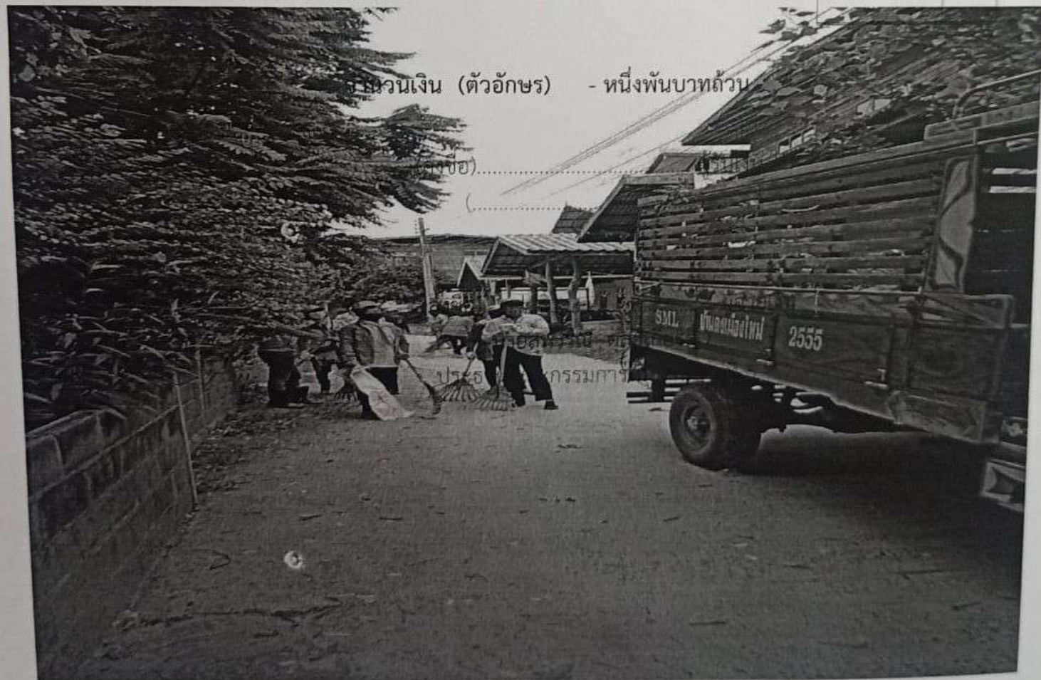
รวมเงิน (ตัวอักษร) - หนึ่งพันบาทถ้วน
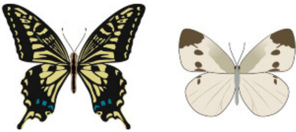
アゲハやモンシロチョウなど
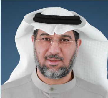
سعادة الدكتور نبيل بن حمد العون رئيس مجلس إدارة جمعية السلام للأعمال الإنسانية والخيرية دولة الكويت
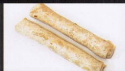
400. INVOLTINI GIAPPONESE CON GAMBERI E FORMAGGIO japanese shrimp and cheese rol € 3,50

PROBLEM STATEMENT
Return the material exactly as written, except for any pictures it holds.

TASK ANSWER
รวมเงิน (ตัวอักษร) - หนึ่งพันบาทถ้วน
アゲハやモンシロチョウなど
سعادة الدكتور نبيل بن حمد العون رئيس مجلس إدارة جمعية السلام للأعمال الإنسانية والخيرية دولة الكويت
400. INVOLTINI GIAPPONESE CON GAMBERI E FORMAGGIO japanese shrimp and cheese rol € 3,50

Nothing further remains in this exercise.